#### [WHAT TO WORK ON]
Transcribe the data verbatim and drop its images.

#### [EXTRACTED MATERIAL]
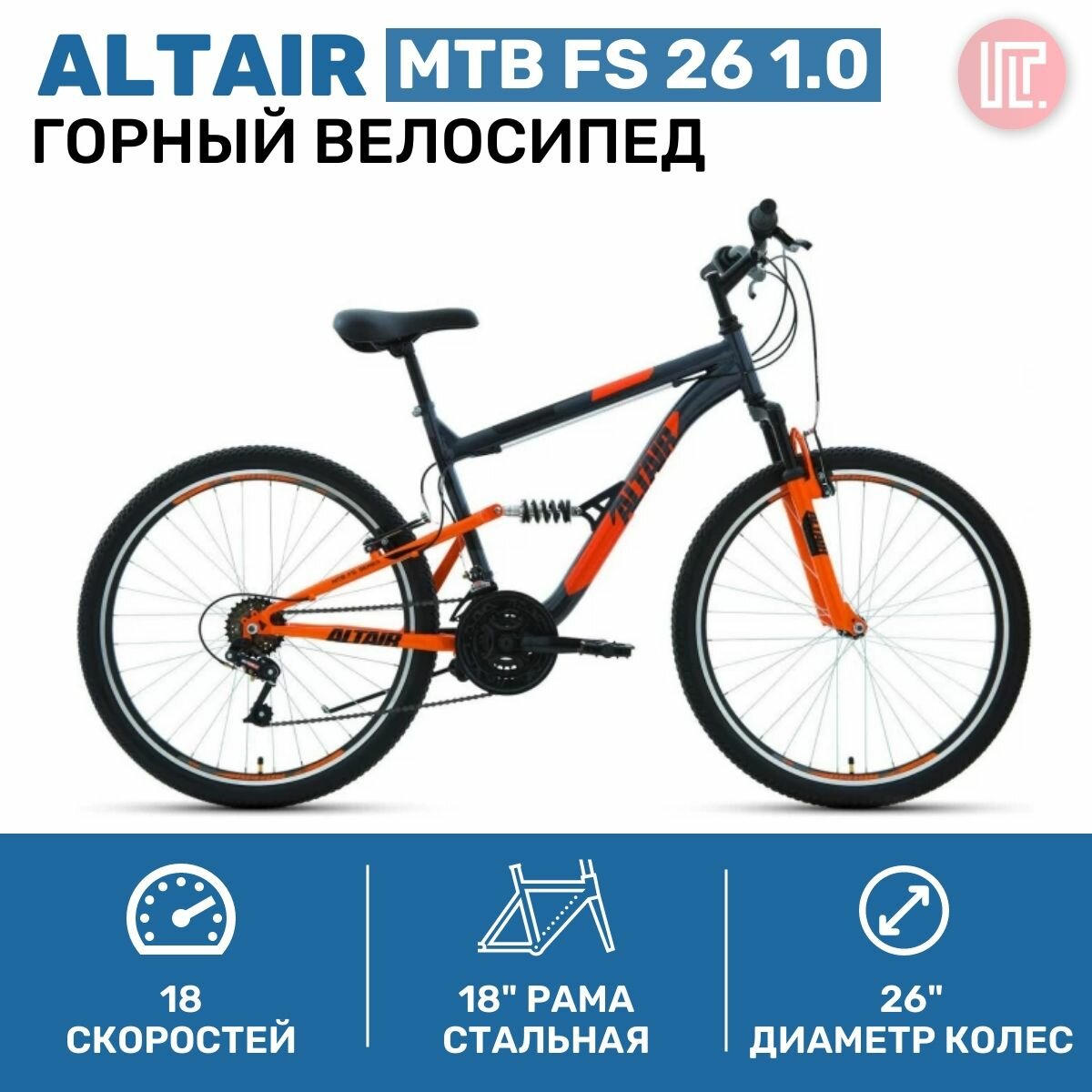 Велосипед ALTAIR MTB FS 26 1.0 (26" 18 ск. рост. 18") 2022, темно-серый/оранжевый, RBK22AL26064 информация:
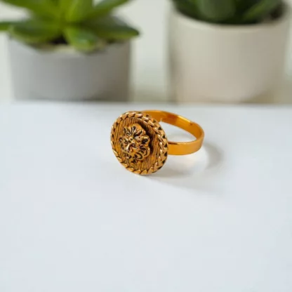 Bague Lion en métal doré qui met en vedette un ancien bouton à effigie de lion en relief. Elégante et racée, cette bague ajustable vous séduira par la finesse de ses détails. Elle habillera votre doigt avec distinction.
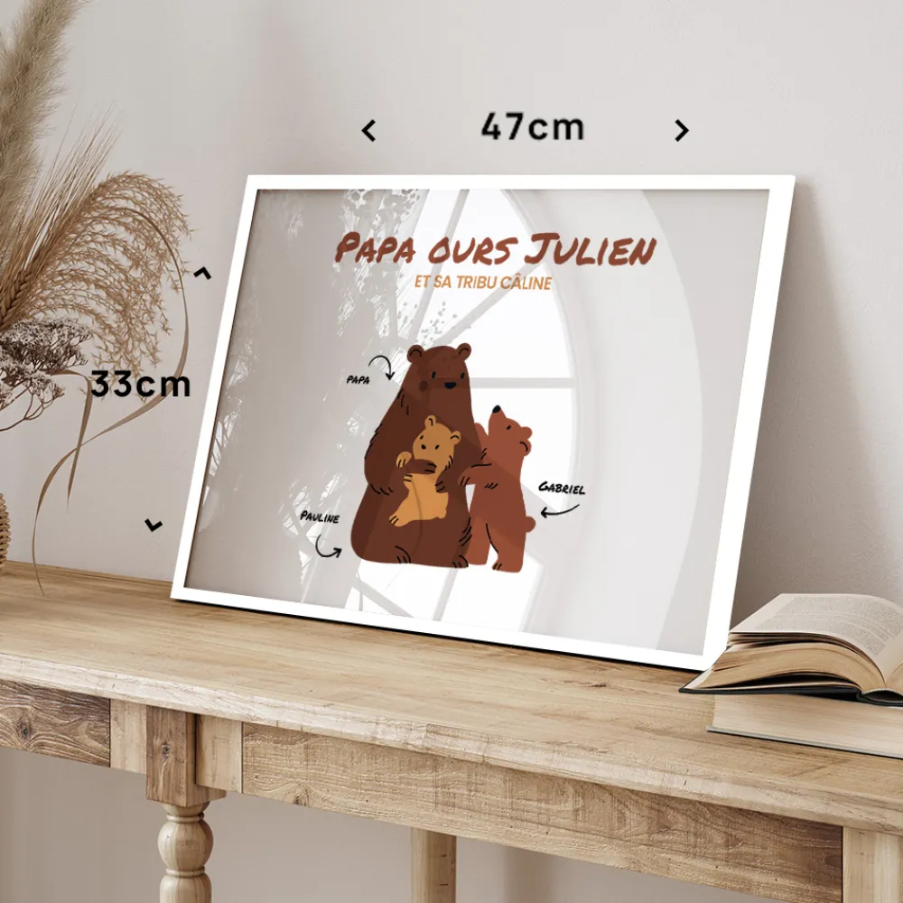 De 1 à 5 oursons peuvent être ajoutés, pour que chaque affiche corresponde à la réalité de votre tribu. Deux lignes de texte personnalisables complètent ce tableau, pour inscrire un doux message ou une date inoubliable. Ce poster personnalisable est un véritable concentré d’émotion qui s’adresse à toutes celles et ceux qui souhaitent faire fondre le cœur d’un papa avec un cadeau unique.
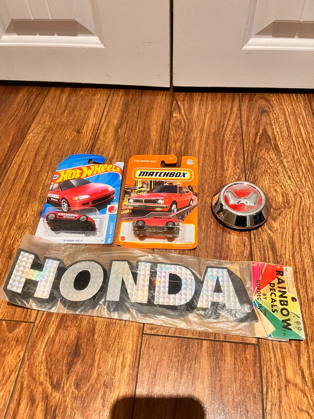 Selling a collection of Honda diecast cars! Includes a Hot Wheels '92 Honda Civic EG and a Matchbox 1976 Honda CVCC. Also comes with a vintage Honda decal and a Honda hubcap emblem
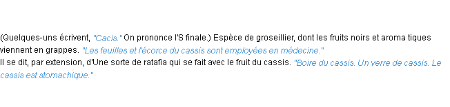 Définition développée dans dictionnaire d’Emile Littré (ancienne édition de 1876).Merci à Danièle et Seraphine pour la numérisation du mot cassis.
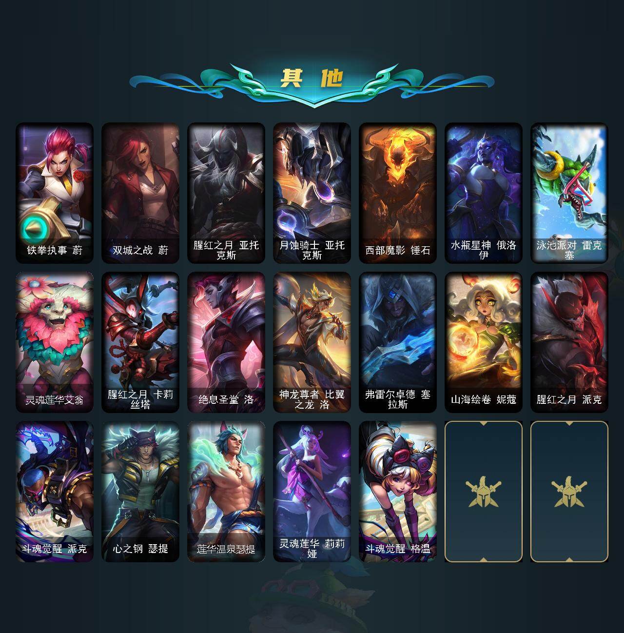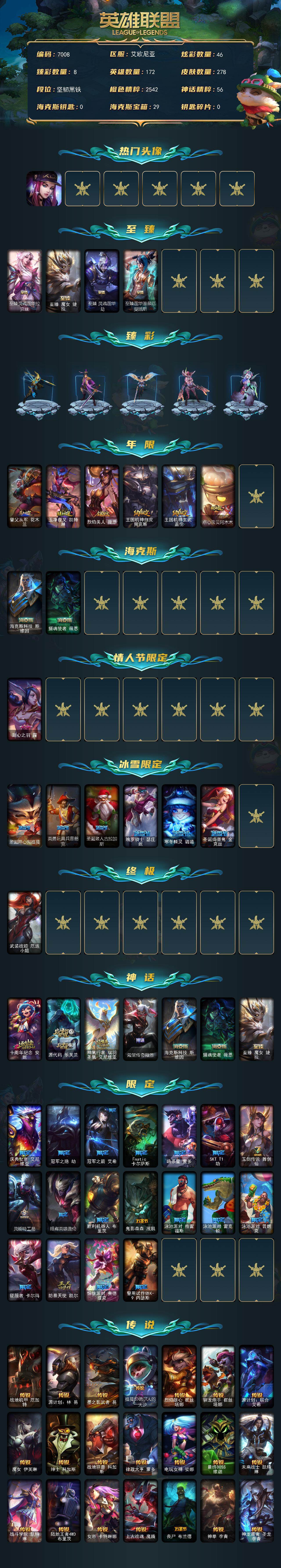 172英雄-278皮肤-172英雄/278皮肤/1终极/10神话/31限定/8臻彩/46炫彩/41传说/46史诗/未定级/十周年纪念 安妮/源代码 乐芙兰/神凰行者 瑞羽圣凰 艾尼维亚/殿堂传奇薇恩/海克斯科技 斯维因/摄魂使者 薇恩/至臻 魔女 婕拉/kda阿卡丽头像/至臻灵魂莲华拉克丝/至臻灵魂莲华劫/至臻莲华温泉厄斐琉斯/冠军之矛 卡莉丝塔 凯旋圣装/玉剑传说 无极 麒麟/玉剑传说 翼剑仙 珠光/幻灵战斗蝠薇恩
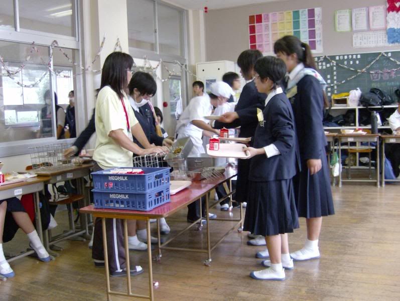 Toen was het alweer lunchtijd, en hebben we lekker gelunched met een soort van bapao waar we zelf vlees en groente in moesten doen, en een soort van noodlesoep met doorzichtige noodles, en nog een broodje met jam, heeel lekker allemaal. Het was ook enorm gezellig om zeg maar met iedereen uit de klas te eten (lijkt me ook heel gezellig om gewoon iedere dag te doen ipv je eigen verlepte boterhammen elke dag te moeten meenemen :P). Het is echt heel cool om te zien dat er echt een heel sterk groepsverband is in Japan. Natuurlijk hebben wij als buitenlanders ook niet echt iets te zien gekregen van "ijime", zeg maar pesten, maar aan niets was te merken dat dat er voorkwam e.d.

#### [OUTPUT BELOW]
 Велосипед ALTAIR MTB FS 26 1.0 (26" 18 ск. рост. 18") 2022, темно-серый/оранжевый, RBK22AL26064 информация:
 Bague Lion en métal doré qui met en vedette un ancien bouton à effigie de lion en relief. Elégante et racée, cette bague ajustable vous séduira par la finesse de ses détails. Elle habillera votre doigt avec distinction.
 De 1 à 5 oursons peuvent être ajoutés, pour que chaque affiche corresponde à la réalité de votre tribu. Deux lignes de texte personnalisables complètent ce tableau, pour inscrire un doux message ou une date inoubliable. Ce poster personnalisable est un véritable concentré d’émotion qui s’adresse à toutes celles et ceux qui souhaitent faire fondre le cœur d’un papa avec un cadeau unique.
 Selling a collection of Honda diecast cars! Includes a Hot Wheels '92 Honda Civic EG and a Matchbox 1976 Honda CVCC. Also comes with a vintage Honda decal and a Honda hubcap emblem
 Définition développée dans dictionnaire d’Emile Littré (ancienne édition de 1876).Merci à Danièle et Seraphine pour la numérisation du mot cassis.
 172英雄-278皮肤-172英雄/278皮肤/1终极/10神话/31限定/8臻彩/46炫彩/41传说/46史诗/未定级/十周年纪念 安妮/源代码 乐芙兰/神凰行者 瑞羽圣凰 艾尼维亚/殿堂传奇薇恩/海克斯科技 斯维因/摄魂使者 薇恩/至臻 魔女 婕拉/kda阿卡丽头像/至臻灵魂莲华拉克丝/至臻灵魂莲华劫/至臻莲华温泉厄斐琉斯/冠军之矛 卡莉丝塔 凯旋圣装/玉剑传说 无极 麒麟/玉剑传说 翼剑仙 珠光/幻灵战斗蝠薇恩
 Toen was het alweer lunchtijd, en hebben we lekker gelunched met een soort van bapao waar we zelf vlees en groente in moesten doen, en een soort van noodlesoep met doorzichtige noodles, en nog een broodje met jam, heeel lekker allemaal. Het was ook enorm gezellig om zeg maar met iedereen uit de klas te eten (lijkt me ook heel gezellig om gewoon iedere dag te doen ipv je eigen verlepte boterhammen elke dag te moeten meenemen :P). Het is echt heel cool om te zien dat er echt een heel sterk groepsverband is in Japan. Natuurlijk hebben wij als buitenlanders ook niet echt iets te zien gekregen van "ijime", zeg maar pesten, maar aan niets was te merken dat dat er voorkwam e.d.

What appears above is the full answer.